#### [Work item]
Type out the complete listing below word for word, without its pictures.

#### [Input data]
----
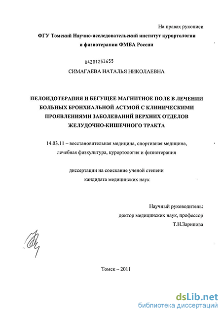 Известно, что магнитные поля и пелоиды имеют противовоспалительное, бронхолитическое, спазмолитическое, трофическое, метаболическое, иммуномодулирующее, гипосенсибилизирующее действие [Зарипова Т.Н., 1991, Лещинский А.Ф., 1985, Лобанов А.Ю., 2006, Мавродий В.М.,1997, Улащик В.С.,2006, Царфис П.Г.,1990, Хорошавина Н.Н.,2009, Sadlonova J.,2006], что может служить патогенетическим обоснованием их использования в лечении больных БА с сопутствующей патологией ЖКТ.
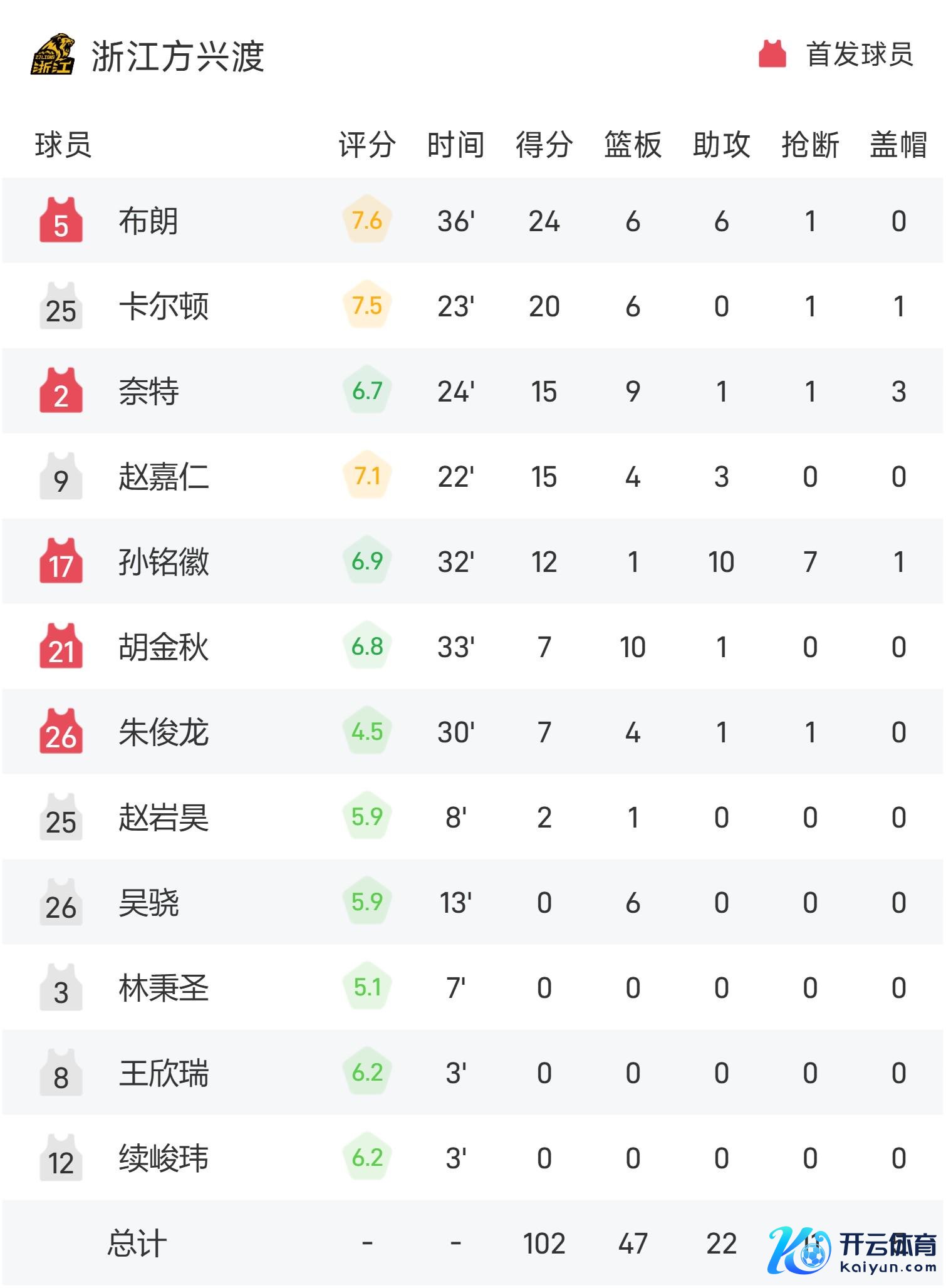 广厦首发:孙铭徽、布朗、朱俊龙、奈特、胡金秋
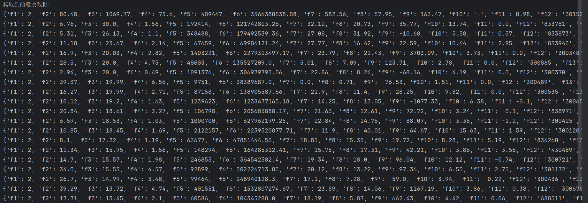 url = "https://18.push2.eastmoney.com/api/qt/clist/get?cb=jQuery112408425405289872392_1728984110482&pn=1&pz=20&po=1&np=1&ut=bd1d9ddb04089700cf9c27f6f7426281&fltt=2&invt=2&dect=1&wbp2u=|0|0|0|web&fid=f3&fs=m:0+t:6,m:0+t:80,m:1+t:2,m:1+t:23,m:0+t:81+s:2048&fields=f1,f2,f3,f4,f5,f6,f7,f8,f9,f10,f12,f13,f14,f15,f16,f17,f18,f20,f21,f23,f24,f25,f22,f11,f62,f128,f136,f115,f152&_=1728984110483"
----
#### [Answer to this exercise]
 Известно, что магнитные поля и пелоиды имеют противовоспалительное, бронхолитическое, спазмолитическое, трофическое, метаболическое, иммуномодулирующее, гипосенсибилизирующее действие [Зарипова Т.Н., 1991, Лещинский А.Ф., 1985, Лобанов А.Ю., 2006, Мавродий В.М.,1997, Улащик В.С.,2006, Царфис П.Г.,1990, Хорошавина Н.Н.,2009, Sadlonova J.,2006], что может служить патогенетическим обоснованием их использования в лечении больных БА с сопутствующей патологией ЖКТ.
 广厦首发:孙铭徽、布朗、朱俊龙、奈特、胡金秋
 url = "https://18.push2.eastmoney.com/api/qt/clist/get?cb=jQuery112408425405289872392_1728984110482&pn=1&pz=20&po=1&np=1&ut=bd1d9ddb04089700cf9c27f6f7426281&fltt=2&invt=2&dect=1&wbp2u=|0|0|0|web&fid=f3&fs=m:0+t:6,m:0+t:80,m:1+t:2,m:1+t:23,m:0+t:81+s:2048&fields=f1,f2,f3,f4,f5,f6,f7,f8,f9,f10,f12,f13,f14,f15,f16,f17,f18,f20,f21,f23,f24,f25,f22,f11,f62,f128,f136,f115,f152&_=1728984110483"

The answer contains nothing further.